Exercise data:
────────────────────

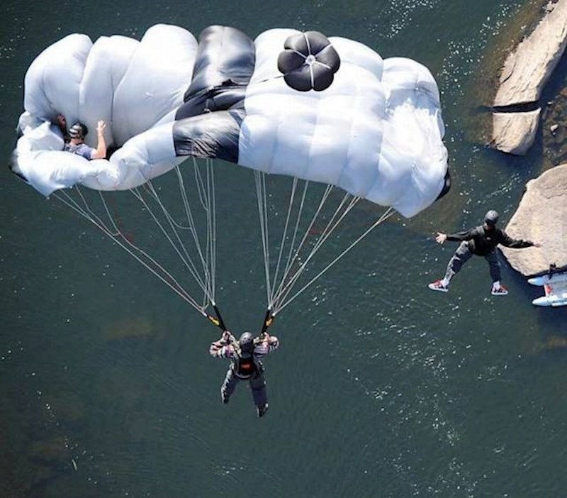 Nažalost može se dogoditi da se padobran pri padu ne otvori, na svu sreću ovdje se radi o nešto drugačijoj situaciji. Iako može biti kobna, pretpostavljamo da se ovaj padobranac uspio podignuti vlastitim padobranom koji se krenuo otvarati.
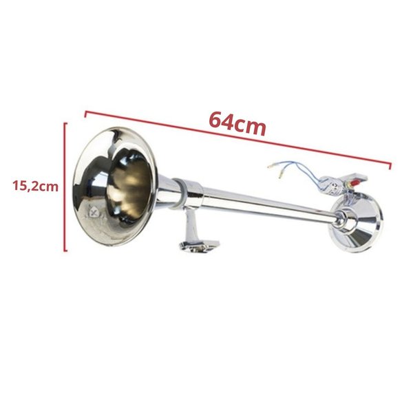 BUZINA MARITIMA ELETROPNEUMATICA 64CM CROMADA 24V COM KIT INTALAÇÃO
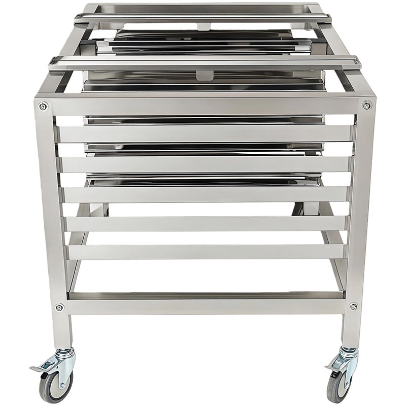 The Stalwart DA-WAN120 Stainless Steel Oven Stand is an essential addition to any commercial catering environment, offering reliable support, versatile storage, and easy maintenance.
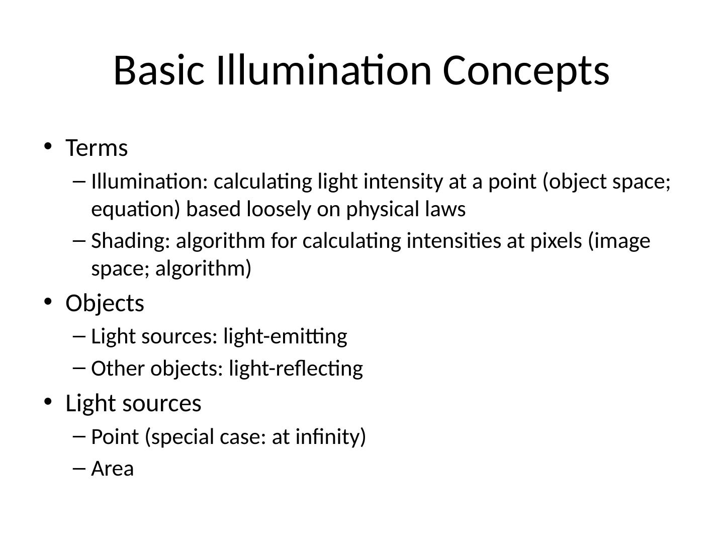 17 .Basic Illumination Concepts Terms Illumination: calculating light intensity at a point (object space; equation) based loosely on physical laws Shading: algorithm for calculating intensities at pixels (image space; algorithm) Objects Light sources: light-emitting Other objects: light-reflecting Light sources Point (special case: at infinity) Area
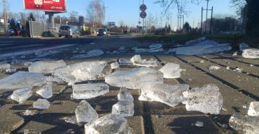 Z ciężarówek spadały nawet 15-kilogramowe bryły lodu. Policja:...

────────────────────

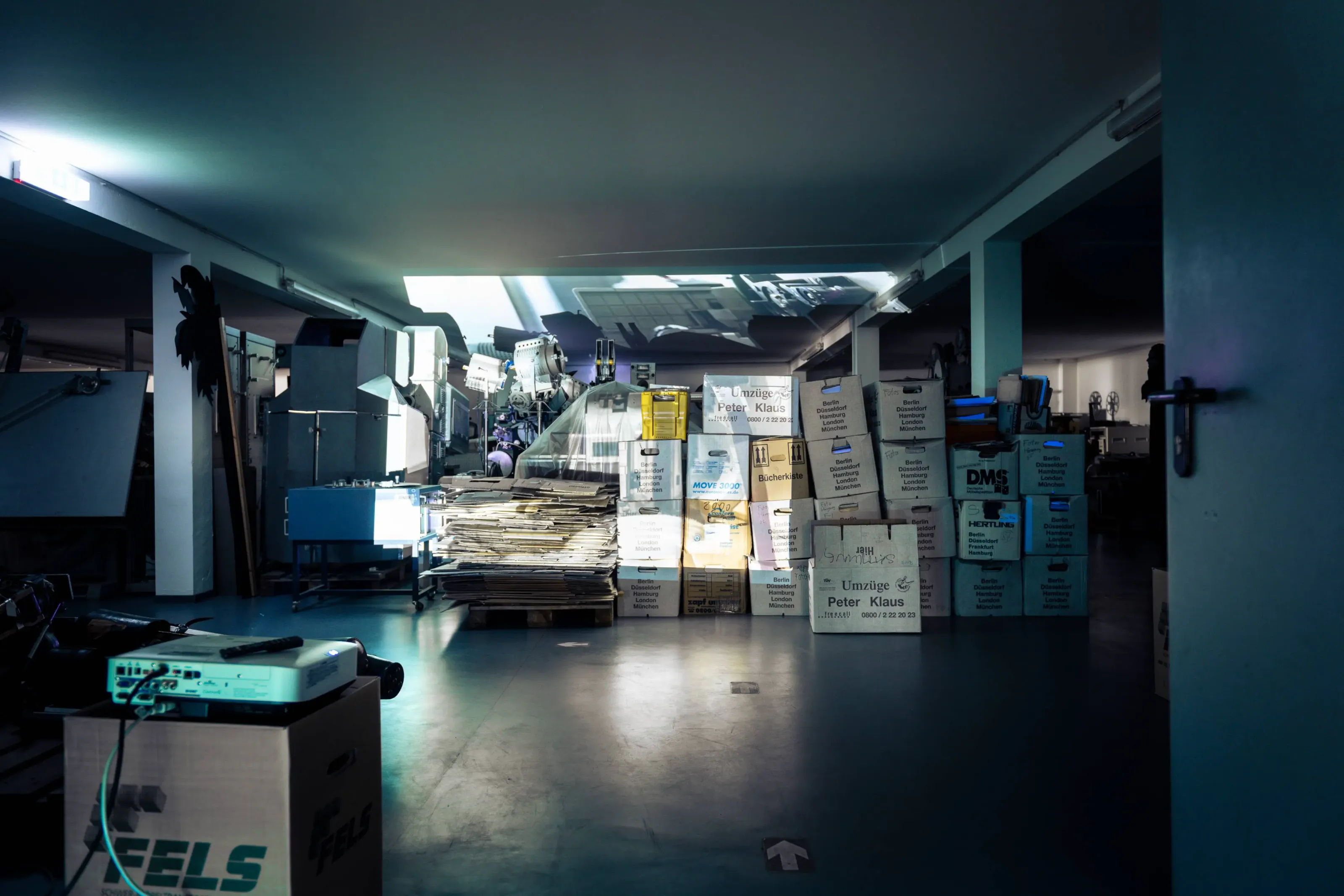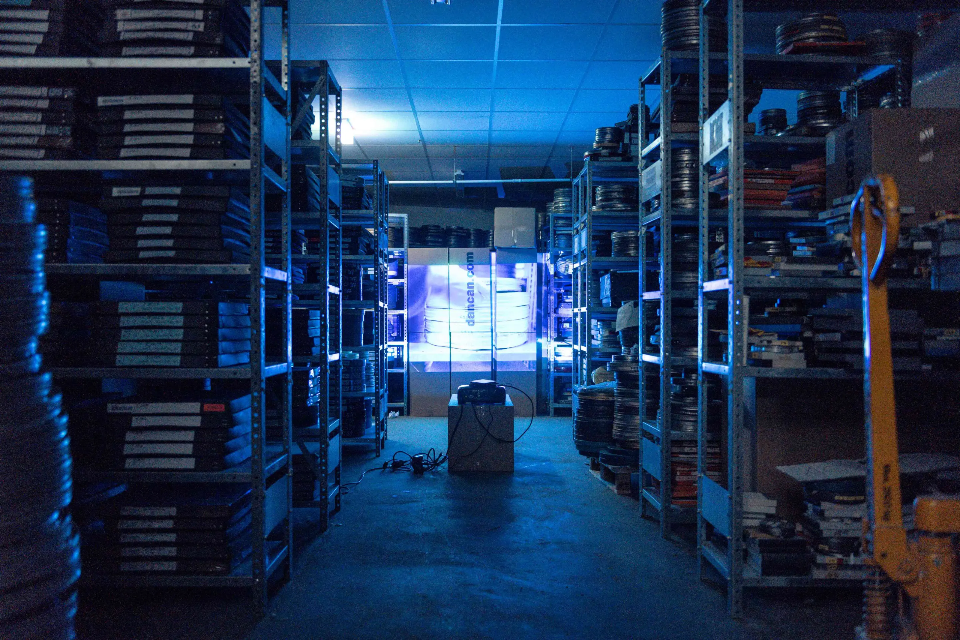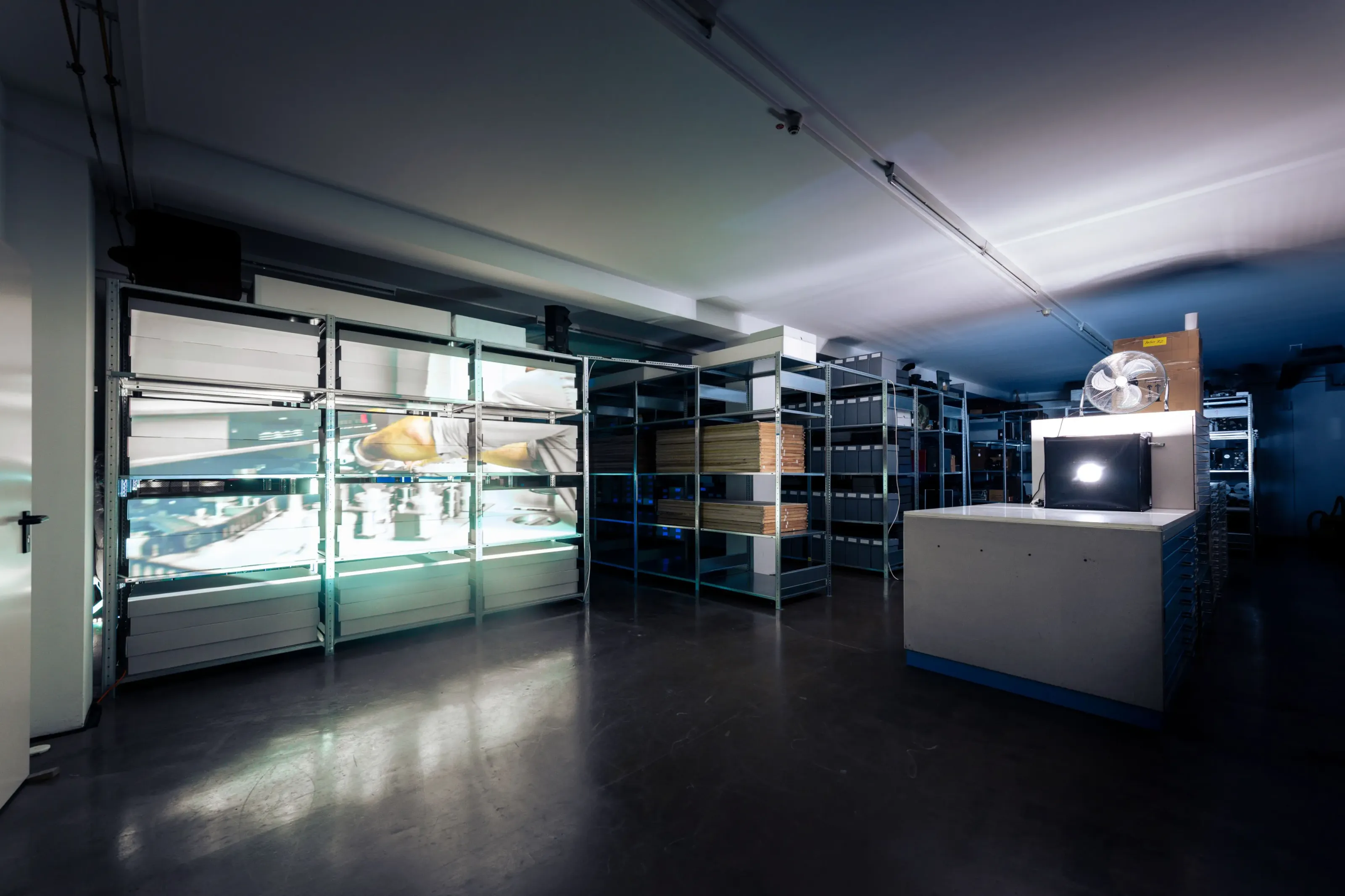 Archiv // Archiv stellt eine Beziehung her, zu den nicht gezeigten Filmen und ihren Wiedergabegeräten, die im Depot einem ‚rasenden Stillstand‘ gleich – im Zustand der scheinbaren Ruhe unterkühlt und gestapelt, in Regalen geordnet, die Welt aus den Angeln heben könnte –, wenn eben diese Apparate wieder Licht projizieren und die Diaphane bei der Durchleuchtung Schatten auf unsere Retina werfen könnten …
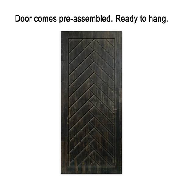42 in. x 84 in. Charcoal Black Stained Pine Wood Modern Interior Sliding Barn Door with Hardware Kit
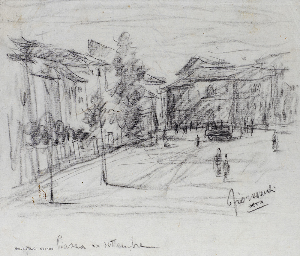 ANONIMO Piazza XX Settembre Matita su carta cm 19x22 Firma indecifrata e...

────────────────────

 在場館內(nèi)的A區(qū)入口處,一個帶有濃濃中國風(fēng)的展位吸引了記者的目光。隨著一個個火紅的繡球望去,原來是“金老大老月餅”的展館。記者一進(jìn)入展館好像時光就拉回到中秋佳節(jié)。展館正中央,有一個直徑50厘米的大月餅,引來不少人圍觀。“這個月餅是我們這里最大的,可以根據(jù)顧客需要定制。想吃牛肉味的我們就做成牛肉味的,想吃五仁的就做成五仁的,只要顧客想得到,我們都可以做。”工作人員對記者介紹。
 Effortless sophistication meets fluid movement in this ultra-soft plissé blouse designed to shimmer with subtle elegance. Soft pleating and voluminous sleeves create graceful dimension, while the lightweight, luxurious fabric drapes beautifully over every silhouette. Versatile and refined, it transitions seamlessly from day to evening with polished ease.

────────────────────

What you need to do:
Whatever pictures the records hold, omit them; give again exactly the lines from the one containing "The Stalwart DA-WAN120" through the one containing "Z ciężarówek spadały".

Result of this task:
 The Stalwart DA-WAN120 Stainless Steel Oven Stand is an essential addition to any commercial catering environment, offering reliable support, versatile storage, and easy maintenance.
 17 .Basic Illumination Concepts Terms Illumination: calculating light intensity at a point (object space; equation) based loosely on physical laws Shading: algorithm for calculating intensities at pixels (image space; algorithm) Objects Light sources: light-emitting Other objects: light-reflecting Light sources Point (special case: at infinity) Area
 Z ciężarówek spadały nawet 15-kilogramowe bryły lodu. Policja:...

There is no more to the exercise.